We’re launching SkyNet

Happy Friday!

We are launching a robo solution in April, so I wrote about robo-advisors this week in the context of technological progression. Financial services did a good job fending off technology for as long as they did. Still, with VC-supported fintech and inefficiencies that were just begging to be annihilated, this industry is now in tech’s crosshairs.

Robos have been around for a while, but I still think they are misunderstood by both advisors and investors. As in…

  1. Robos are only a threat to those advisors who view them to be a threat, and
  2. Investors who view them as a cheaper alternative to traditional advisors are swapping an apple for an orange. 

We are using our robo to disaggregate the advisory offering to target prospects who don’t need the whole shebang. Then combine our award-winning commentary, endless sarcasm, and support, and now you have something special. At least, I think so. Time will tell…

Get ready

I’m going to try to get in front of this story. The yield curve is flattening and could invert. I’m not dumb enough to make that call that it will, but we’ve seen portions of the yield curve already inverted (3yr-10yr in particular). The spread to follow is the 2yr-10yr, and it has flattened but not inverted.

While some believe this is a precursor to a recession, I view it more as a precursor to poorly-written Wall Street research and the media running stories about an impending recession. As Paul Samuelson once said, “Wall Street has predicted 9 out of the last 5 recessions,” so let’s see why.

Yes, the yield curve matters. Banks typically can’t make money when long-term yields are lower than short-term yields because they borrow short-term and loan out long-term. That spread is their margin, and banks don’t make money when it goes away. 

Since spending is 88% of our economy, banks are critical because they are the gatekeepers to capital. If banks don’t want to lend, like after the financial crisis, the economy struggles to grow because it’s hard to buy cars and houses without access to capital. 

But as we discussed a few weeks ago, there are a lot of factors that drive long-term rates. That’s why an inversion this time (if it happens) should not be viewed as any line in the sand. 

Anyway, I’m going to tackle this subject over the coming weeks, so more to come. For now, just know that… 
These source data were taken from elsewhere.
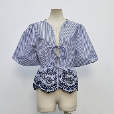 Blue and White Striped Tie-front Puff Sleeve Embroidered Cropped Top
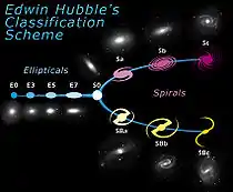 Malgré ses nombreuses réussites, cette image ne suffit pas à expliquer la variété des structures que nous observons parmi les galaxies. Celles-ci apparaissent avec une grande variété de formes, depuis les galaxies elliptiques arrondies et sans particularité, jusqu'aux galaxies spirales dont la forme aplatie rappelle celles de crêpes.
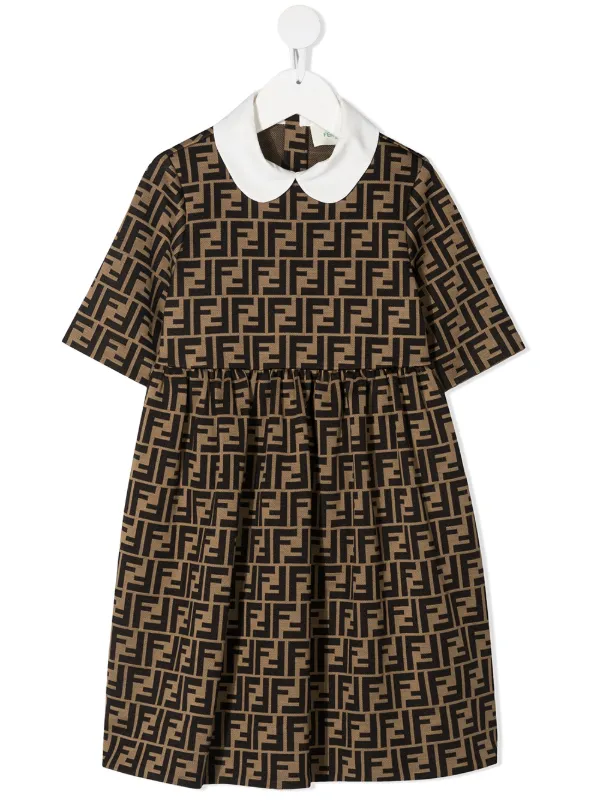 Ff print dress clearance, brown Fendi Kids FF-logo print dress clearance

  1. The yield curve is important and worth watching. When it inverts, it’s a sign to do more research rather than panic.
  2. It is NOT a trigger switch. It has to stay inverted for a while to have any impact.
  3. Even if the next inversion leads to a recession, inversions precede recessions by 2 years on average.


The SEC now wants to regulate climate. I’m serious. Here are the 510 pages of new regulation that was voted into action this week. But I know you won’t read that, so here’s a summarization courtesy of the Wall Street Journal. 
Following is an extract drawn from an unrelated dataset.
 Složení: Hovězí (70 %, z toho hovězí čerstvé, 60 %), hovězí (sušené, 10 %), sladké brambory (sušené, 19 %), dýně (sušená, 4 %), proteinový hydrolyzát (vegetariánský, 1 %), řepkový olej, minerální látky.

You may be wondering why the SEC is regulating stuff like this because I’m wondering why the SEC is regulating things like this. I get that ESG investing is hot right now, and the large index funds are highly political, but this one is a head-scratcher.

Let’s push aside the reality that ESG investing is highly flawed in its current format. Canceling stocks like celebs on Twitter does nothing to support whatever cause is being supported. Period.

The irony is that ESG funds should be doing the exact opposite – buying up lots of stock and/or waging proxy battles like Engine No. 1 did to Exxon. That gets you in the board room, where real change can happen.

Maybe this has to do with Biden being unable to get climate initiatives through Congress? Or maybe ESG funds realize their current strategy of not buying stocks isn’t going to work, so now they’re lobbying the SEC? I don’t know, but I’m sure this will probably end up in the courts, so stay tuned.

A bad day in bonds…

There’s an old saying that a bad year in bonds is a bad day in stocks. That’s been the credo for diversifiers who defend bond allocations. The diversification over time will pay off etc., etc. Well, check out this drawdown chart from Wednesday…

Wow! This is the worst drawdown for the Global Agg ever (data going back to 1990). It’s the worst drawdown in the U.S. since the Volker era (the early 1980s). 

I loathe the term “bloodbath,” but if this isn’t a bloodbath for bonds, then I don’t want to know what is. Everyone is so focused on the equity market this year. Still, this chart is all the evidence needed to see why the past months have been challenging for anyone who’s not massively overweight energy. 

Holding back vomit

If you’re looking for something to ruin your weekend, read this. A colleague sent me this a few days ago, and I knew I shouldn’t have read it, but I did anyway, and now I hate my life.